** Opening EXERCISE INPUT block **

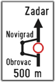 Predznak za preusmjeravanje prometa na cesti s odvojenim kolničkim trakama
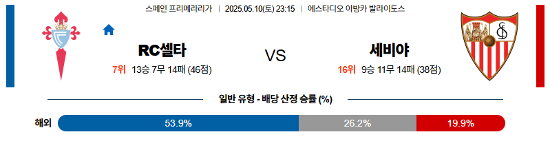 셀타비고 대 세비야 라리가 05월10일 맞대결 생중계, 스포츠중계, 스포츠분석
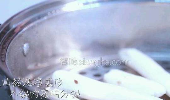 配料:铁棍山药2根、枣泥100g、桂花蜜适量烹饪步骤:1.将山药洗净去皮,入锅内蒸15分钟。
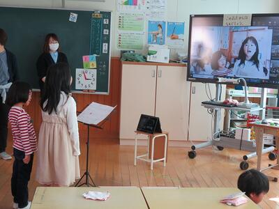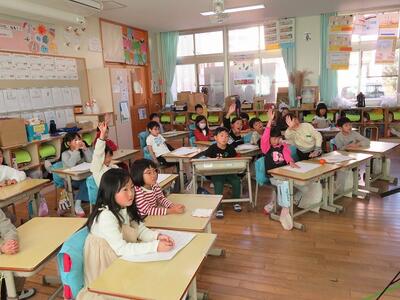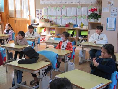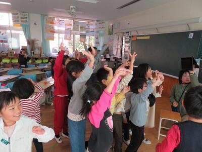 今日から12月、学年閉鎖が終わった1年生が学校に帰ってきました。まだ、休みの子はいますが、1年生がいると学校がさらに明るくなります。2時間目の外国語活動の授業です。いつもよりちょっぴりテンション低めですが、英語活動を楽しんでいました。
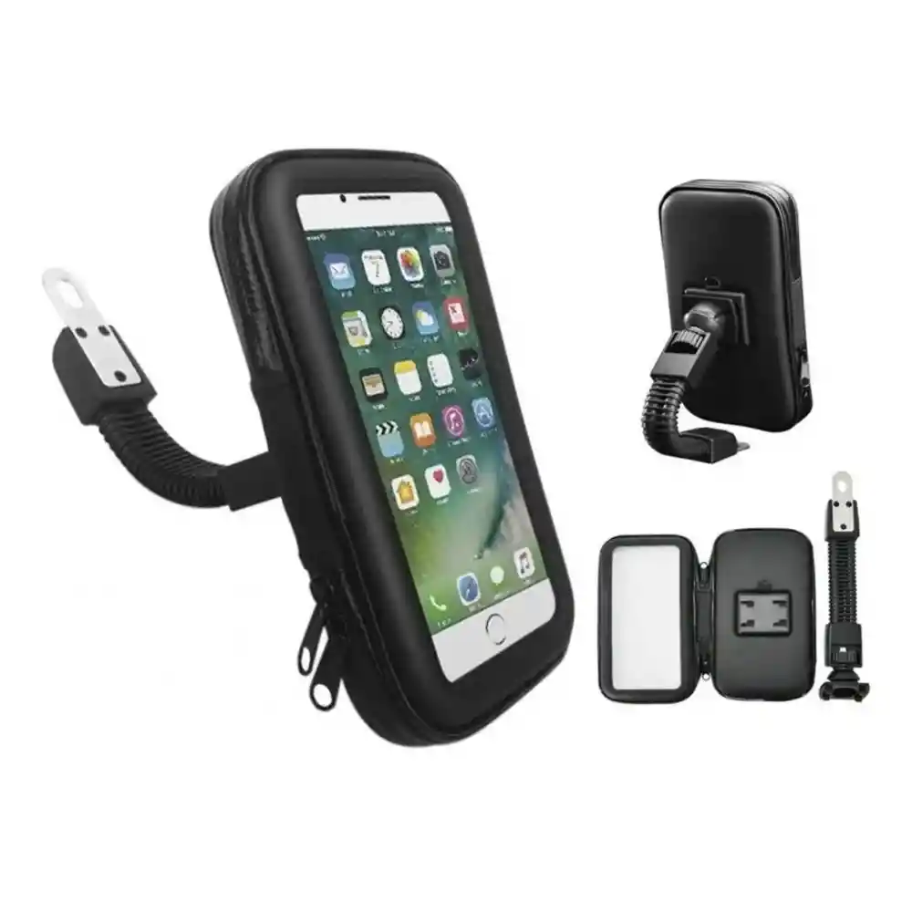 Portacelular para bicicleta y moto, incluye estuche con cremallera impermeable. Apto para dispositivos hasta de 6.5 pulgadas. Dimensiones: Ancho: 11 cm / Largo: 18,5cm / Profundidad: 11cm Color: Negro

** Closing EXERCISE INPUT block **

### TASK PROMPT:
Give back exactly the run of lines that opens the material above and ends at the line with "今日から12月、学年閉鎖が終". Omit the pictures.

### EXERCISE ANSWER:
 Predznak za preusmjeravanje prometa na cesti s odvojenim kolničkim trakama
 셀타비고 대 세비야 라리가 05월10일 맞대결 생중계, 스포츠중계, 스포츠분석
 配料:铁棍山药2根、枣泥100g、桂花蜜适量烹饪步骤:1.将山药洗净去皮,入锅内蒸15分钟。
 今日から12月、学年閉鎖が終わった1年生が学校に帰ってきました。まだ、休みの子はいますが、1年生がいると学校がさらに明るくなります。2時間目の外国語活動の授業です。いつもよりちょっぴりテンション低めですが、英語活動を楽しんでいました。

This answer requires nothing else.